- [Your task]:
Output the entries exactly. Start at the first line, finish with the line containing "Funda de Cuero", and omit the pictures.

- [Data shown]:

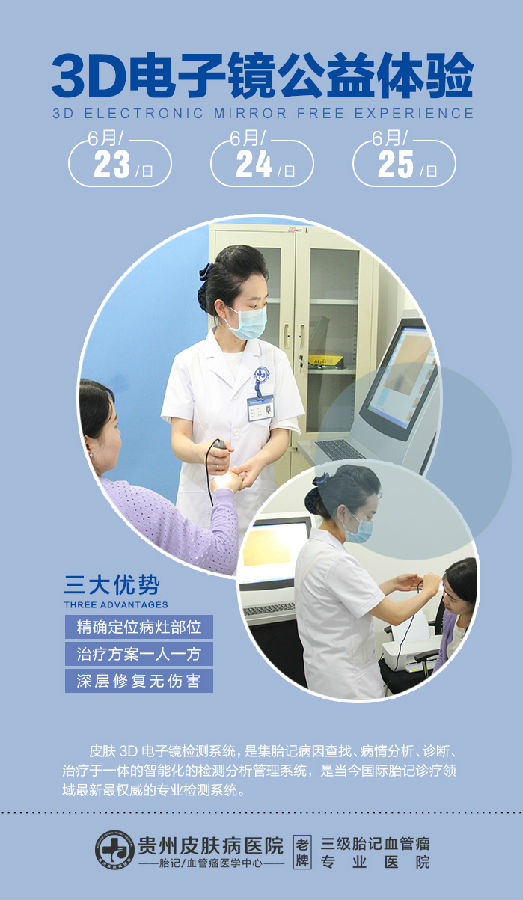 权威数据显示,胎记的种类高达百余种。很多胎记患者因为没有准确检测出自身胎记类型,所以在胎记治疗的第一步上就走错,导致后面的病情愈加难治和反复发作。所以胎记检测才是关键。为了解决以上问题,贵州皮肤病医院科学去胎记特别开展了为期三天的“皮肤3D电子镜检测系统公益体验&京黔专家联合会诊活动”(2017年6月23日-25日),目的是让广大西南地区胎记、血管瘤的患者可以精准定位胎记类型,制定出专属的个体化诊疗方案,对症施治,早日康复。
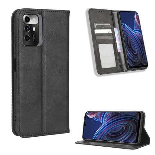 Funda de Cuero para ZTE Blade A72 5G con Hebilla Magnética y Textura Retro (Negro)
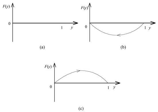 - If , y satisfies F(y) = 0 and F’(y) < 0 is the evolutionary stable state point of the export enterprise. The derivative of F(y) is:When , because F’(1) > 0, F’(0) < 0, y = 0 is an evolutionary stable state; that is, export companies will choose to maintain high-carbon production. This shows that when the government’s choice of active reaction is less than , the behavior of export companies still implementing high-carbon production is unlikely to be regulated, which provides them with convenient conditions for seeking short-term benefits. The dynamic diagram is shown in Figure 2b.
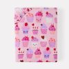Cupcake Kisses is light pink and features pink. purple. and white frosted cupcakes adorned with cherries. strawberries. chocolate. hearts. and sprinkles. Some cupcakes feature sleepy and smiley faces.
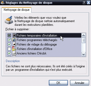 nettoyage qui vous conviennent. Cliquez sur OK.
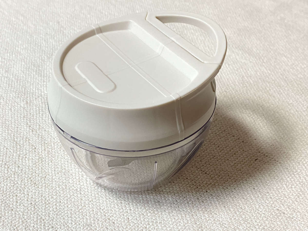 ミックスベジタブルといえば、1cm角のみじん切りが定番ですよね?でもわざわざ包丁でみじん切りにするのは正直手間がかかります。そこでオススメなのが3COINSのハンディーチョッパーです。
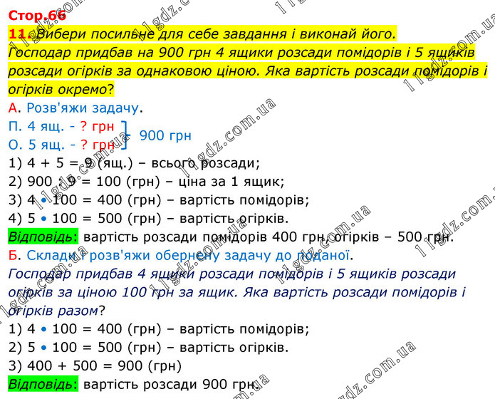 11. Вибери посильне для себе завдання і виконай його. Господар придбав на 900 грн 4 ящики розсади помідорів і 5 ящиків розсади огірків за однаковою ціною. Яка вартість розсади помідорів і огірків окремо? А. Розв'яжи задачу. П. 4 ящ. - ? грн О. 5 ящ. - ? грн 1) 4 + 5 = 9 (ящ.) – всього розсади; 2) 900 : 9 = 100 (грн) – ціна за 1 ящик; 3) 4 • 100 = 400 (грн) – вартість помідорів; 4) 5 • 100 = 500 (грн) – вартість огірків. Відповідь: вартість розсади помідорів 400 грн, огірків – 500 грн. Б. Склади і розв'яжи обернену задачу до поданої. Господар придбав 4 ящики розсади помідорів і 5 ящиків розсади огірків за ціною 100 грн за ящик. Яка вартість розсади помідорів і огірків разом? 1) 4 • 100 = 400 (грн) – вартість помідорів; 2) 5 • 100 = 500 (грн) – вартість огірків. 3) 400 + 500 = 900 (грн) Відповідь: вартість розсади 900 грн.

- [Response]:
 权威数据显示,胎记的种类高达百余种。很多胎记患者因为没有准确检测出自身胎记类型,所以在胎记治疗的第一步上就走错,导致后面的病情愈加难治和反复发作。所以胎记检测才是关键。为了解决以上问题,贵州皮肤病医院科学去胎记特别开展了为期三天的“皮肤3D电子镜检测系统公益体验&京黔专家联合会诊活动”(2017年6月23日-25日),目的是让广大西南地区胎记、血管瘤的患者可以精准定位胎记类型,制定出专属的个体化诊疗方案,对症施治,早日康复。
 Funda de Cuero para ZTE Blade A72 5G con Hebilla Magnética y Textura Retro (Negro)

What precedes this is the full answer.